SUPPLIED DATA
● ● ● ●
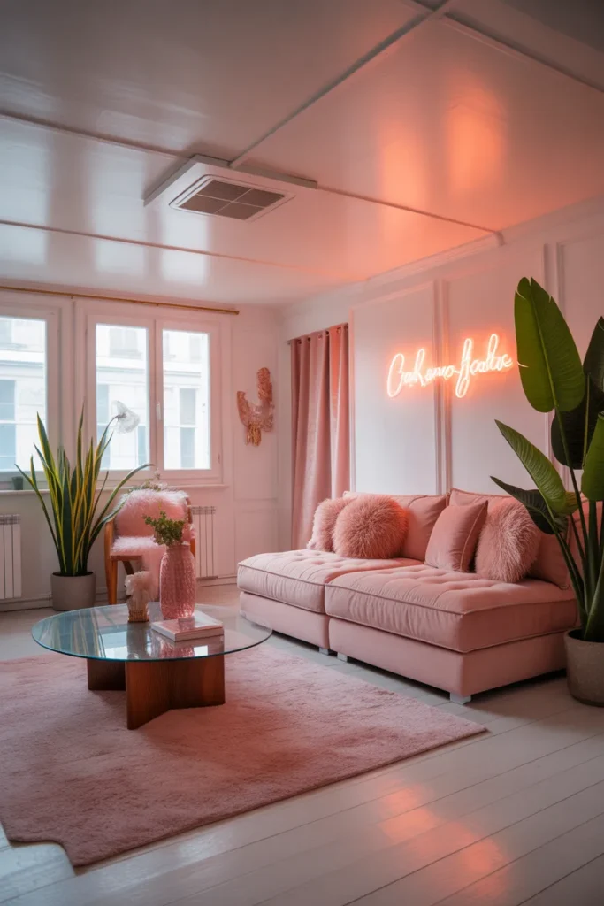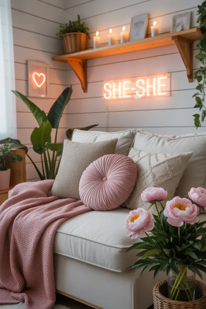 A modern glam she shed blends chic elegance with cozy comfort. Rose-gold accents paired with glossy white walls create a luxurious, Pinterest-perfect vibe. The plush pink cushions elevate the room’s femininity while maintaining a soft, warm ambiance. Neon lights—especially warm-tone ones—add personality and highlight the modern aesthetic beautifully.
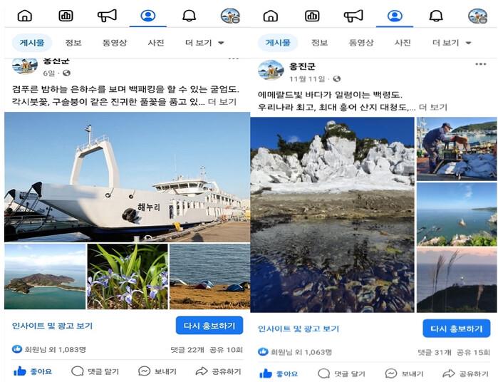 [인천=문찬식 기자] 인천 옹진군(군수 문경복)이 운영하는 SNS 홍보계정인 ‘옹진군 페이스북’이 큰 호응을 얻고 있다. 매주 정기적으로 게재하는 킬러콘텐츠의 공감 횟수가 수백에서 일천 건을 넘기고, 수십 건의 댓글이 달리며 팔로워들로부터 폭발적인 반응을 얻고 있는 것이다.
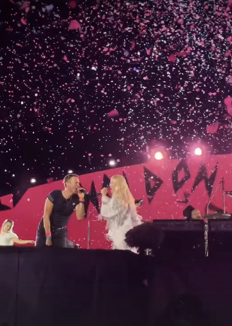 크리스 마틴은 건반 앞에 앉아 “아파트! 아파트!”를 외치며 로제의 메가 히트곡 ‘아파트’를 불렀다. 그때 로제가 무대에 깜짝 등장했고, 이들은 ‘아파트’로 협업 무대를 펼쳤다.
● ● ● ●
ASSIGNMENT
Restate the data exactly, though only from the line that contains "[인천=문찬식 기자] 인천" through its last line, both ends included and with the pictures left out.

ANSWER AREA
 [인천=문찬식 기자] 인천 옹진군(군수 문경복)이 운영하는 SNS 홍보계정인 ‘옹진군 페이스북’이 큰 호응을 얻고 있다. 매주 정기적으로 게재하는 킬러콘텐츠의 공감 횟수가 수백에서 일천 건을 넘기고, 수십 건의 댓글이 달리며 팔로워들로부터 폭발적인 반응을 얻고 있는 것이다.
 크리스 마틴은 건반 앞에 앉아 “아파트! 아파트!”를 외치며 로제의 메가 히트곡 ‘아파트’를 불렀다. 그때 로제가 무대에 깜짝 등장했고, 이들은 ‘아파트’로 협업 무대를 펼쳤다.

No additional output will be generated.